Cosa stai trascurando nella tua gelateria?

Domenica con tanto vento e tanta pioggia, dove siamo andati con Simona? Ebbene si, all’IKEA!!!

E a quanto pare non c’eravamo solo noi, ma anche altre svariate migliaia di persone che non volevano passare la domenica a casa. Anche perchè parliamoci chiaro: IKEA è la fabbrica dei sogni di tutti noi. Con quei nomi tutti strani che a pronunciarli sembrano parolacce, ma che vengono portati da mobili e complementi d’arredo con tanta grazia.

Amo andarci perchè sogno ogni volta di rivoluzionare l’arredo di casa, ma il sogno finisce quando inizio a realizzare che devo montarmi tutto da solo. E allora ci limitiamo  a comprare piatti, bicchieri, qualche biscotto e soprattutto prendiamo un muffin con cacao, goccie di cioccolato e cuore di similnutella. Non ci chiediamo se è sano e di qualità. Ci piace ,ce lo mangiamo e ce lo godiamo!

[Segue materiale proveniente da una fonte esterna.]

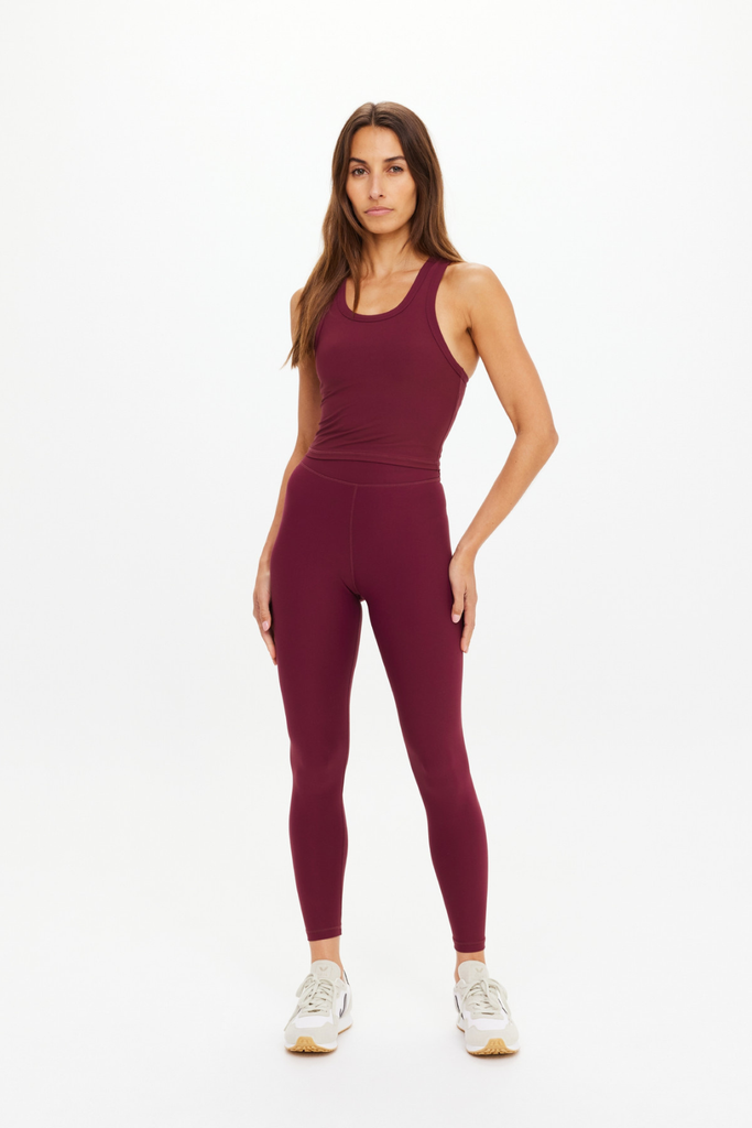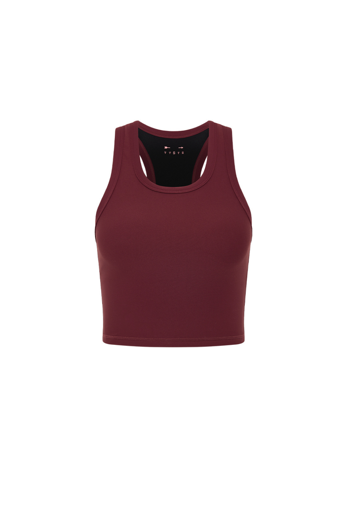 A longline racerback crop in maroon designed for smooth, second-skin comfort and everyday support. Finished with The Upside’s signature arrow logo in neon pink at the back, it offers a clean, flattering silhouette with mid coverage.

C’è di buono che hanno tutti i bagni che vuoi e prima di rimettersi in macchina facciamo una capatina. Ora voglio fare una domanda ai maschietti che stanno leggendo: Ma quando fate pipì e per così dire vi liberate, non vi viene da alzare la testa? Penso di si perchè altrimenti non si spiega perchè spesso e volentieri non facciamo centro e veniamo accusati di usare lo strumento come un idrante in un incendio.

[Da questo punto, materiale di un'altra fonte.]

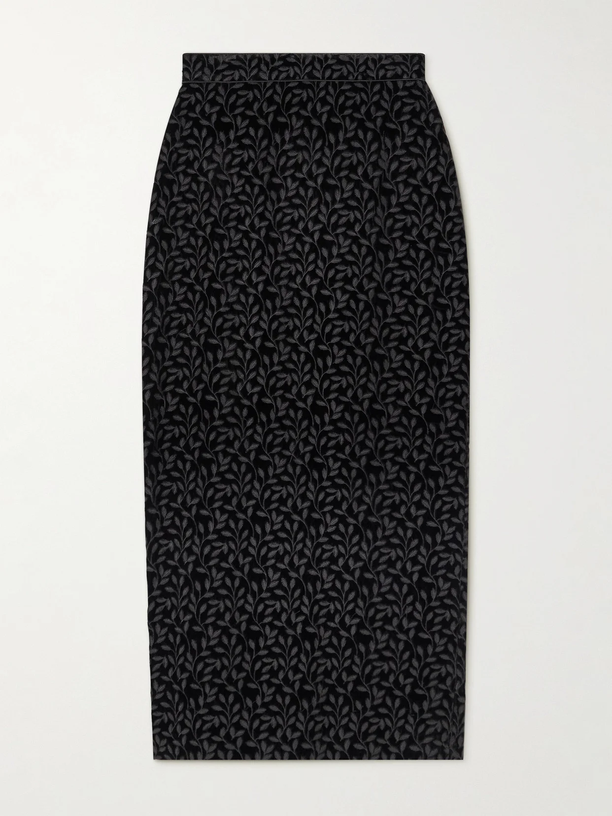 Nat Satin-trimmed Embroidered Velvet Midi Skirt
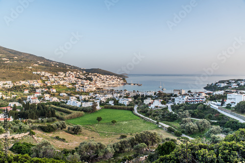 © Stamatios, Fototapeta premium Port of Batsi in Andros island a little before sunset, Cyclades, Greece
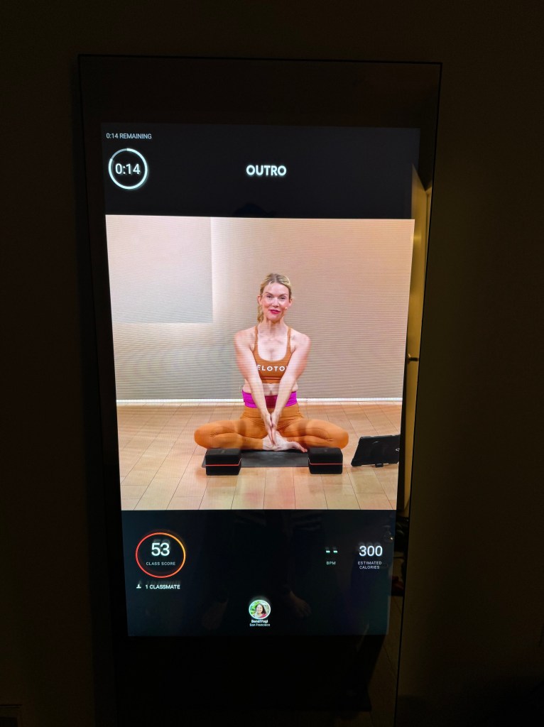 The calories you burned count seems to be wildly inflated on The Mirror, with a 30-minute non-sweaty yoga session logging some 100 calories, whereas on Peloton, that requires at least a 20-minute cycling class where your heart rate is above baseline and you sweat at least a little bit. I don’t pay attention to this number much on either platform.
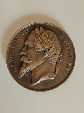 Napoléon III Égypte, canal de suez, grosse médaille en bronze. Quelques coups sur la tranche et reste de colle .. 173g de bronze , fin XIXÈME
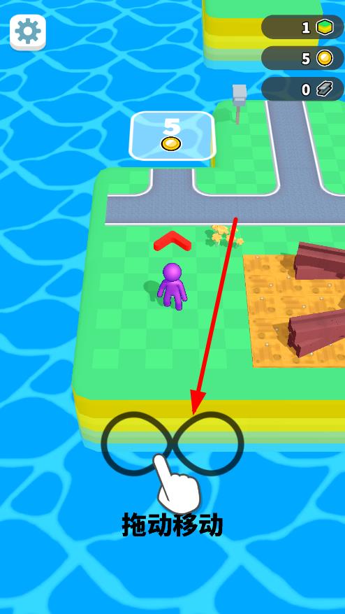 1、進(jìn)入游戲,依據(jù)“拖動移動”提示,滑動屏幕控制紫色角色在島嶼移動,前往資源點(diǎn),準(zhǔn)備采集建造材料。

Allora, non è il mio caso. Sono paragonabile ad un cecchino è per questo che qualche volta distolgo lo sguardo, ed oggi mi è successo di guardare le griglie dell’areazione dentro quel bagno. Completamente ostruite da polvere e laniccia. Ammetto che questo per me è ormai un riflesso condizionato dal lavoro che ho fatto in una vita precedente. per circa 3 anni ho camminato a naso in sù perchè avevo il compito di trovare e pulire le griglie di areazione dentro un ospedale.

Ho iniziato a chiedermi perchè non le pulissero. Si sono dimenticati? pagano una ditta che non si dimostra seria? Risparmiano sulle norme igeniche? Hanno altre priorità? Qualunque sia la risposta giusta, sicuramente è una negligenza. Io ho notato la cosa perchè era il mio lavoro.

E se la stessa cosa succedesse dentro una vostra gelateria? E se aveste il pavimento con dei mattoncini staccati, non credete che tra i vostri clienti ci siano dei mattonatori che noteranno la trascuratezza? E se la vetrina è piena di ditate, vuoi che non ci sia una mamma fissata con la pulizia che nota la cosa? oppure un elettricista che vede una lampadina fulminata o un filo scoperto, o un istallatore che vede un condizionatore vecchio arruginito con i filtri sporchi, o un disinfestatore che guarda negli angoli e vede le trappoline, o un operaio  che vede la perdita d’acqua che viene dal piano di sopra e che macchia il controsoffitto? E se il conista dice ciao ad un nuovo cliente dandogli del tu? che ne sai che quello non è un generale finanziere permaloso?  ( scherzo, io amo i finanzieri).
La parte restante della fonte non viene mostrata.